_WHAT TO DO:_ Return the data below unchanged, without images.

_SOURCE RECORDS:_
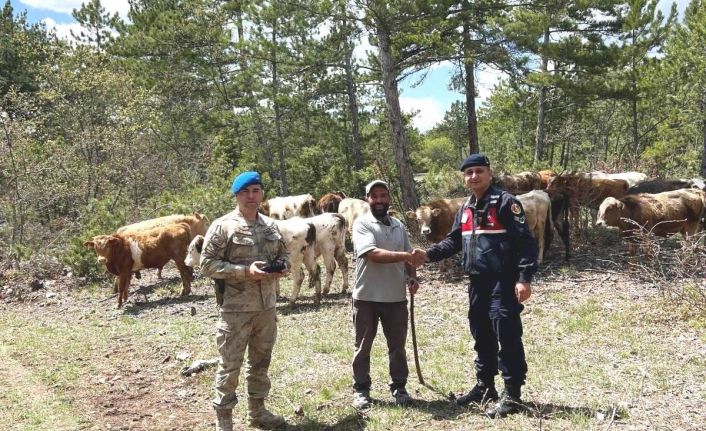 Kütahya’nın Soğukçeşme köyü ormanlık alanında 3 gün önce kaybolan 19 büyükbaş hayvan jandarma ekiplerince bölgeye yaklaşık 5 kilometre uzaklıkta dron ile bulunarak sahibine teslim edildi.
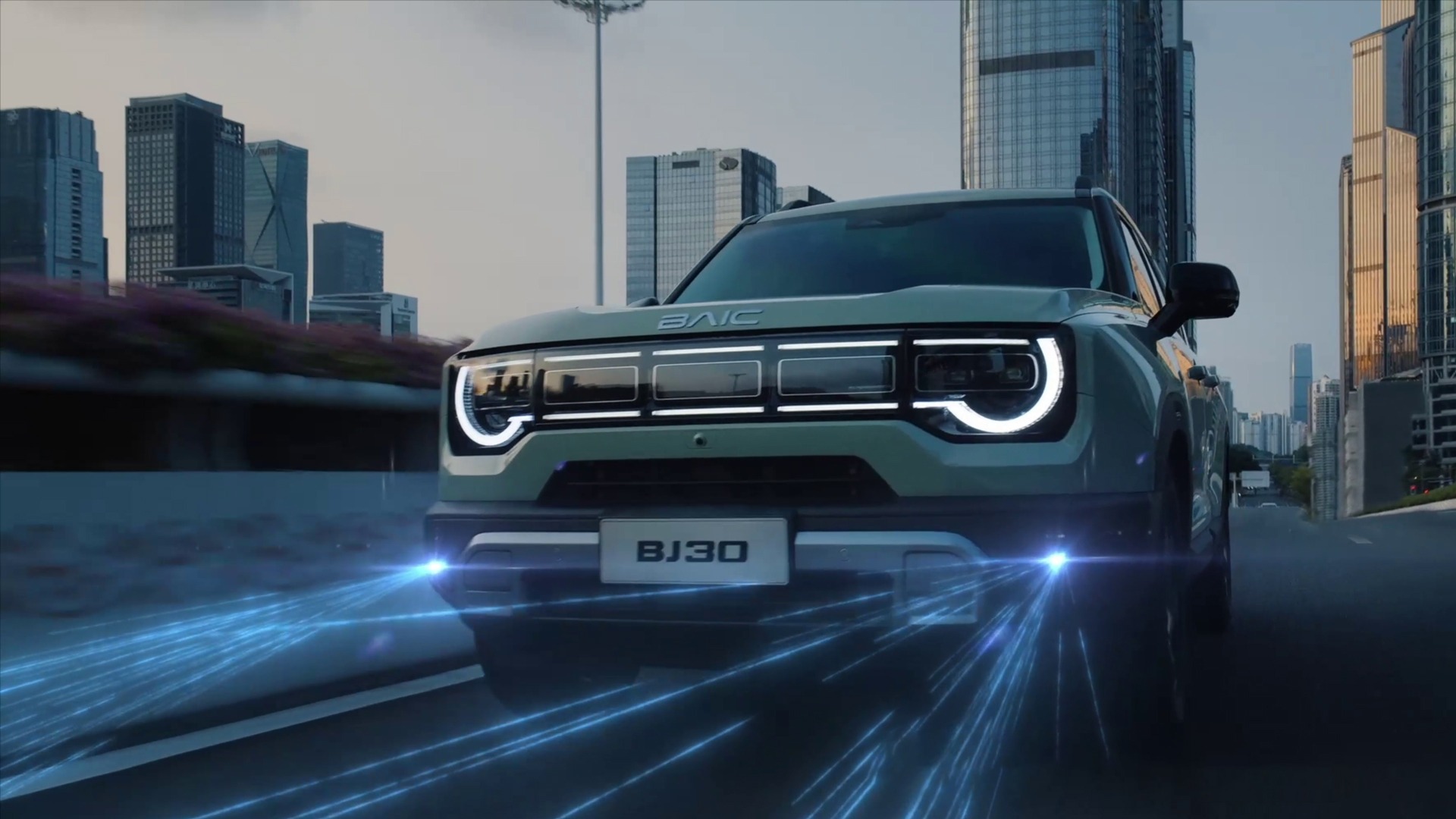 La franja de refuerzo robusta resalta el estilo robusto del BJ30. El parachoques delantero resalta un estilo todoterreno.
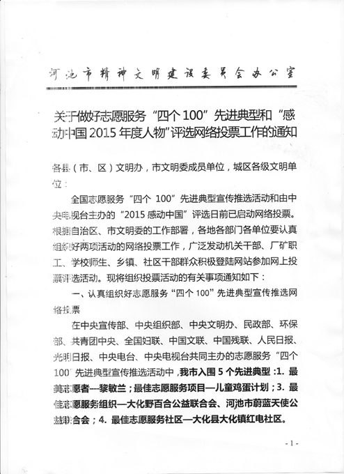 关于做好志愿者服务“四个100”先进典型和“感动中国2015年度人物”评选网络投票工作的通知
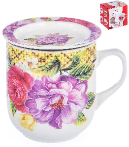 Кружка заварочная 350мл OLAFF Корзина цветов Флора металлическое сито подарочная упаковка фарфор
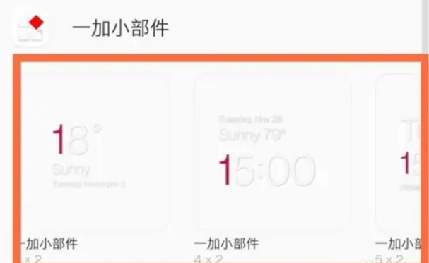 2、下滑找到一加小部件,选择一种天气样式,点击即可添加到桌面

_EXERCISE ANSWER:_
 Kütahya’nın Soğukçeşme köyü ormanlık alanında 3 gün önce kaybolan 19 büyükbaş hayvan jandarma ekiplerince bölgeye yaklaşık 5 kilometre uzaklıkta dron ile bulunarak sahibine teslim edildi.
 La franja de refuerzo robusta resalta el estilo robusto del BJ30. El parachoques delantero resalta un estilo todoterreno.
 关于做好志愿者服务“四个100”先进典型和“感动中国2015年度人物”评选网络投票工作的通知
 Кружка заварочная 350мл OLAFF Корзина цветов Флора металлическое сито подарочная упаковка фарфор
 2、下滑找到一加小部件,选择一种天气样式,点击即可添加到桌面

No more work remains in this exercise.